== Given data ==
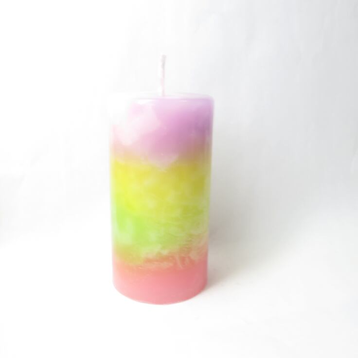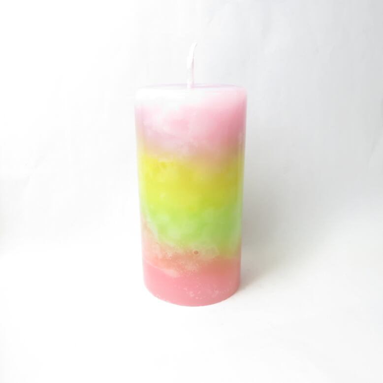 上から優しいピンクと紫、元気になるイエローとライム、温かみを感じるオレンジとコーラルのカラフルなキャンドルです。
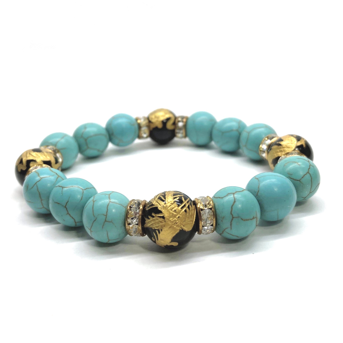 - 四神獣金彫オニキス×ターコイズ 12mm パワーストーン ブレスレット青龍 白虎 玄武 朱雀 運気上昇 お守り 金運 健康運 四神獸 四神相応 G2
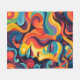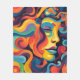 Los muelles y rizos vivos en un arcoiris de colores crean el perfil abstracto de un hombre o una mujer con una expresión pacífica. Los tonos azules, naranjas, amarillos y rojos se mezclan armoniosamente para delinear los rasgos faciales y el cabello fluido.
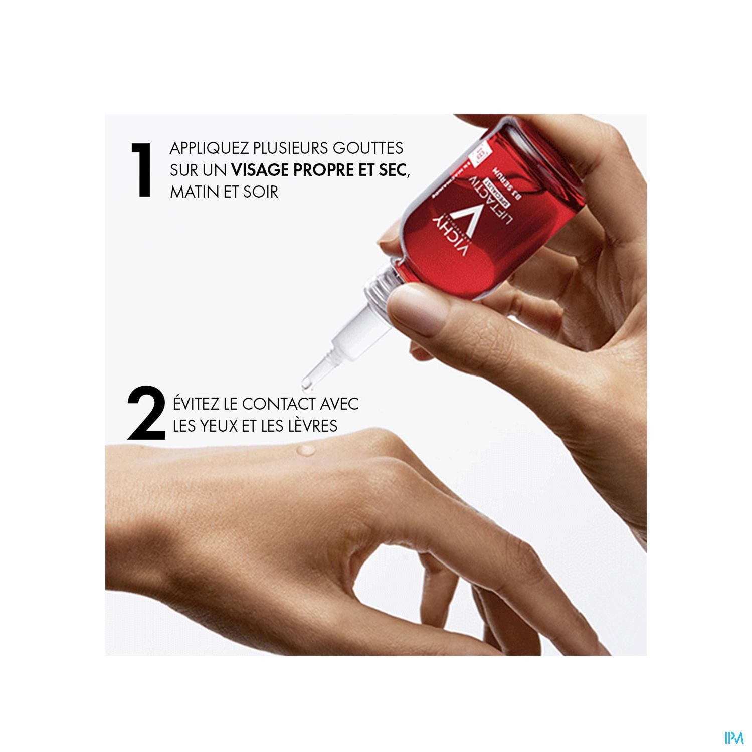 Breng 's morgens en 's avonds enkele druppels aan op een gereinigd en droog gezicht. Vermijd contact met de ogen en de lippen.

* * *

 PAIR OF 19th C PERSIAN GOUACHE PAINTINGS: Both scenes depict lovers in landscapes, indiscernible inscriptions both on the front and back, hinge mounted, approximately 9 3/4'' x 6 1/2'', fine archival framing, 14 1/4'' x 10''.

== What needs to be done ==
Give again the lines of the listing above that run from the one with "Los muelles y" up to and including the one with "Breng 's morgens". Keep them exact and omit the pictures.

== Reply ==
 Los muelles y rizos vivos en un arcoiris de colores crean el perfil abstracto de un hombre o una mujer con una expresión pacífica. Los tonos azules, naranjas, amarillos y rojos se mezclan armoniosamente para delinear los rasgos faciales y el cabello fluido.
 Breng 's morgens en 's avonds enkele druppels aan op een gereinigd en droog gezicht. Vermijd contact met de ogen en de lippen.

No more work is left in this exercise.